How do I manage with my crew?  I’ve been asked this many times.  Here are my thoughts, in no particular order:
  • In the various “Orthodox” circles where I travel, my family may be considered large, average, or “that’s a sneeze”.  Some people reading this may be chuckling at the notion that I have a lot on my plate.
  •  I am one of 7 kids.  So this feels normal to me.
  • My husband is one of 8 kids… he and Kermit may have something to talk about.
  • Did you ever notice that people think a “large family” is anything with more kids than they grew up with?  Likewise, a “small” family would be… anything smaller than they grew up with.  My, what an objective and scientific group us humans are.
  • Since my sibs and sibs-in-law are all used to this, as are many of my friends, we are not a novelty or a curiosity.  It’s considered normal for me to have a couple of friends’ kids or nieces/nephews for sleepovers or playdates; likewise, my kids would go over to friends, neighbors, or relatives even when they have a houseful.  Multiple pregnancies, nursing moms, and childbirth are all part of the fabric of lives.  We’re used to this and it’s part of the culture.  This implicit and practical support is everything.

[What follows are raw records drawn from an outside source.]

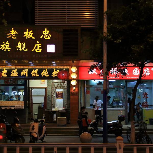 “馄饨担”是竹制的,一前一后两只橱柜,中间一根扁担,挑在肩上行走。一头是食柜,装着皮馅、包好的馄饨、佐料和碗盅;一头是锅灶木柴和汤水。这般简便,却成就了一个完整的灶间。过去,在夜间的街弄巷口,流动馄饨担“笃、笃、笃”的敲梆声,回荡在很多 温州 人的记忆里。店名:老 温州 馄饨担
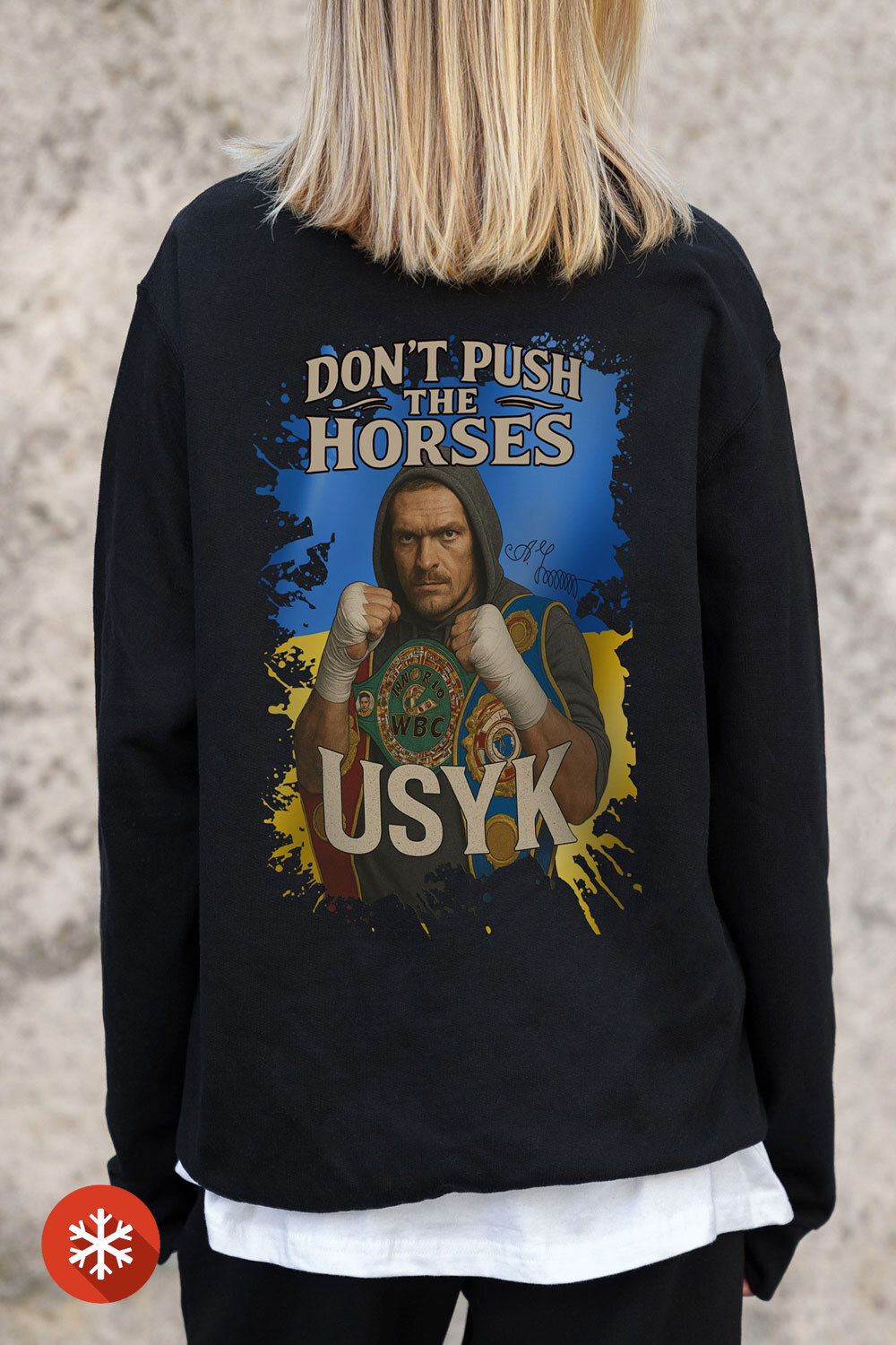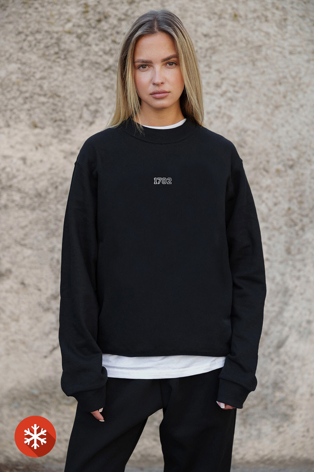 - Minimalistyczny design z naciskiem na jasny nadruk nadaje swetrowi wyjątkowego charakteru.
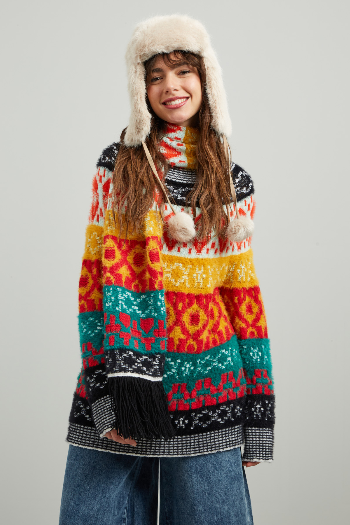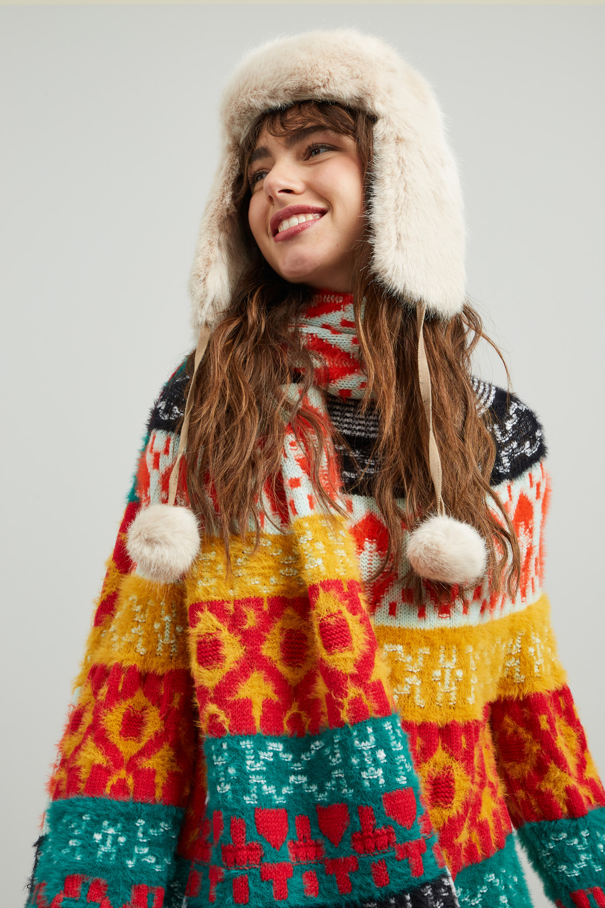 Cappello paraorecchie realizzato in tessuto effetto pelliccia con nastri e pon pon alle estremità.

  • I am the oldest girl and the second child in my family.  My mom is a very smart woman, and guided us to help in a way that was empowering and also taught us responsibility, commitment, and selflessness.  She let us help in ways that we wanted to by offering me choices (would you like to do the grocery shopping or bathe the kids?).  Contrary to some media reports I’ve seen, this did not make me resentful, neurotic, un-religious, or give me an eating disorder.  It made me a healthy, responsible member of society.  Did I always want to help?  NO.  But the doing when I wasn’t in the mood helped me get out of the selfish zone that many teens live in. 
  •  I loved my younger sisters and brothers.  (Okay, my older brother too.)  I sincerely was so excited each time my mother had another child.  My kids are like this too.  Once would be quite surprised at how kids in large families beg their folks to have more (assuming it’s a healthy household).  When I had six, my kids were literally hounding me: When are you going to have another baby??  So they LOVE getting the baby after a nap, feeding her Cheerios, walking her in the stroller, and…. Well, the diaper changing is still mainly my and my husband’s job. J
  • I hire paid help when I need to and I don’t consider it a luxury.  We don’t go on expensive vacations, and I buy clothes on the cheap, but help in the home is a total priority.  And I DON’T FEEL GUILTY ABOUT IT.  Healthy mom, healthy kids.  It’s that simple.
  • My big kids totally help me (see #6).  Sometimes they love doing it, and sometimes they don’t, but girls and boys alike help out with: cleaning up, laundry, grocery shopping, various gofer errands around the house, setting the table and clearing away, babysitting, and, yes, even diaper changing.  Despite the effort this involves on my part, I am a firm believer that this is good for my kids (and for me).  Some call it Pyramid Parenting.  My husband and I are at the top, and we delegate to the younger ones to help out with the even-younger-ones.  It needs to be done with sensitivity so the goal is accomplished without resentment and we need to constantly check ourselves that each child receives adequate attention and alone-time.  Do I always succeed?  No, but I think for the most part we do OK.
  •  I pray.  As often as I can.  For many things, but specifically, that God should help me be a good parent, gift me with the wisdom to make the right decisions for my kids and the strength to care for them as they need.  For good health and good influences.  That they might grow up to be spiritual, healthy in body and mind, to do good deeds, be good Jews, honest and upright, marry well, and be a credit to all.
  • My husband and I are an absolute team.  We share the load, whether that load is physical, job-related, kid-related, house-related.  This is huge.
  •  Am I overwhelmed?  Sometimes.  Are parents of two kids ever overwhelmed?  Are non-parents sometimes overwhelmed??  We all get overwhelmed sometimes.  That’s OK.  That’s just life.

And finally, Kermit, I’d like to say that I think we need to get this family into reality TV… An elderly octomom, the whole living in the shoe piece… would you say??